Europe On the Edge Again
by Martin Ehl
Baltic policies and behavior could instead be seen as an indication of how any future European common foreign and security policy should look
The security situation in the Baltics, a cause for NATO concern for the last year and half, has been overshadowed lately by dramatic events around Syria and the influx of refugees into Central Europe.
But while Eastern Ukraine increasingly resembles the Moldovan or Transnistrian type of frozen conflict, allies continue their activity on the eastern border of NATO and the EU.
Russia, probably as a gesture ahead of President Vladimir Putin's visit to the United Nations, recently freed the kidnapped and jailed Estonian security agent Eston Kohver. Besides the still-strong wave of general Russian propaganda, there is no great, pressing issue. Yet the situation remains far from calm.

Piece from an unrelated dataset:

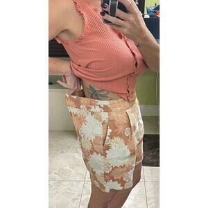 FAHERTY 100% linen NWOT shorts small high waisted warm jicard island
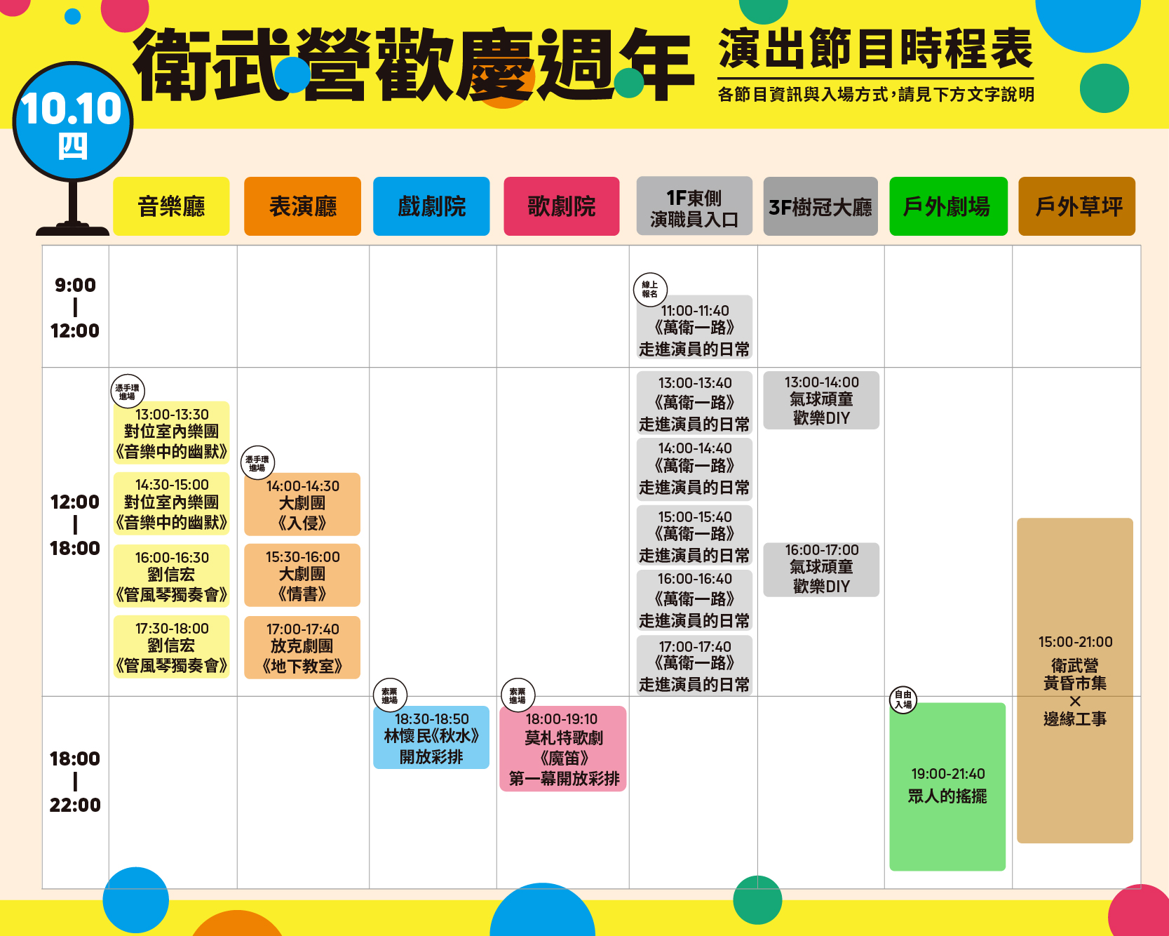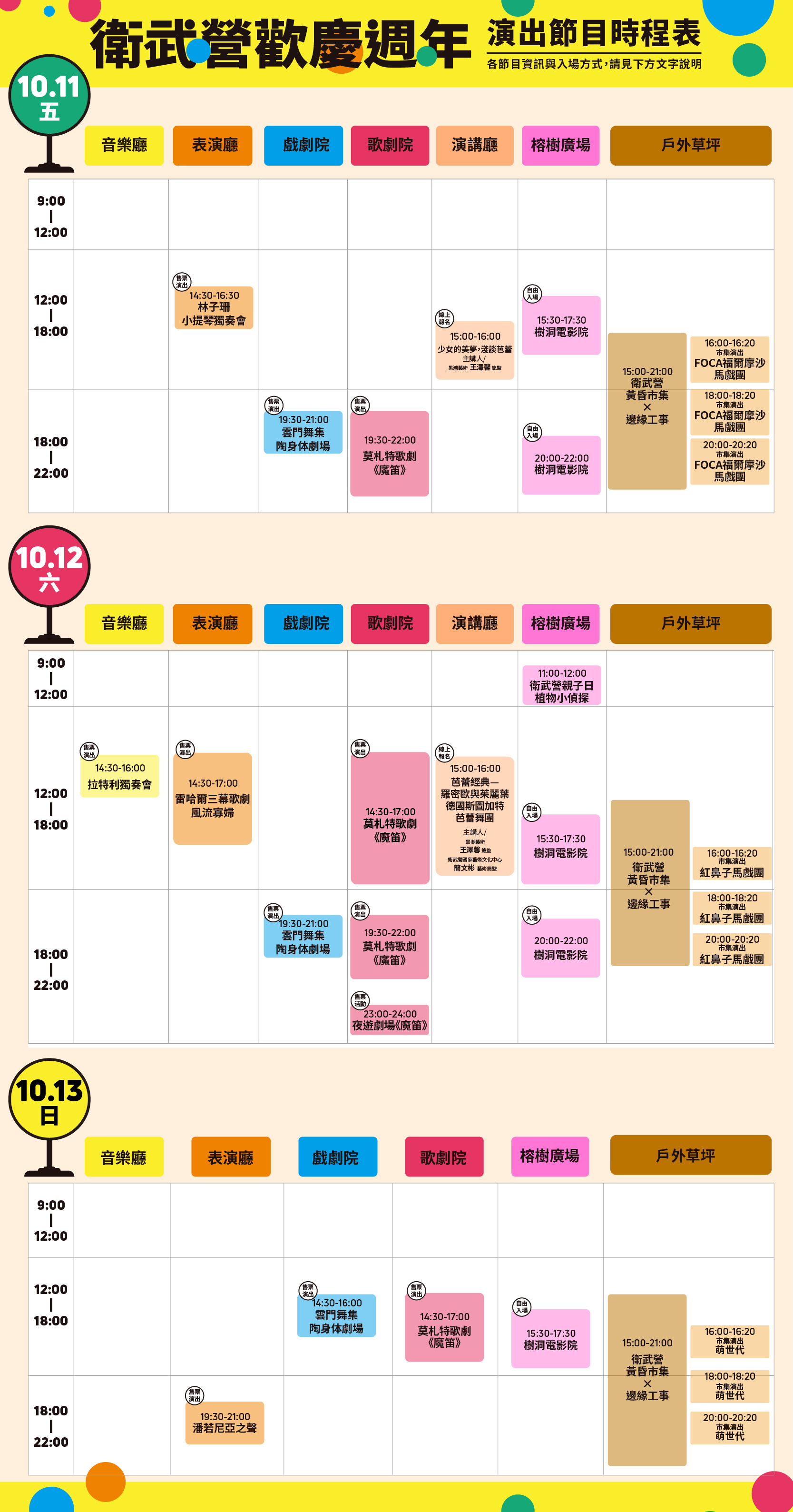 ▼另外附上衛武營歡慶週年慶的演出節目時刻表,想知道更多衛武營週年慶活動參與方式,可以到衛武營官方網站查詢~

“We would need the strengthened presence of NATO for a long time, even we don‘t see that Russia, under the cover of the Syrian conflict, would like to act militarily in the Baltics,” Latvian Minister of Foreign Affairs Edgars Rinkevics told me in Prague recently.
Latvia is preparing to enforce border protection policies, not only because of any possible Russian provocation, but also because of the growing number of refugees trying to enter the Schengen zone via Belarus or Russia. Just last week, Latvian authorities detained a group of 28 Iraqis – the biggest group of foreign refugees ever detained in the country.
“Our planned fence and other border measures have a broader geopolitical context,” Rinkevics said, defending his country’s actions after accusations of raising the “new Iron Curtain” in Eastern Europe.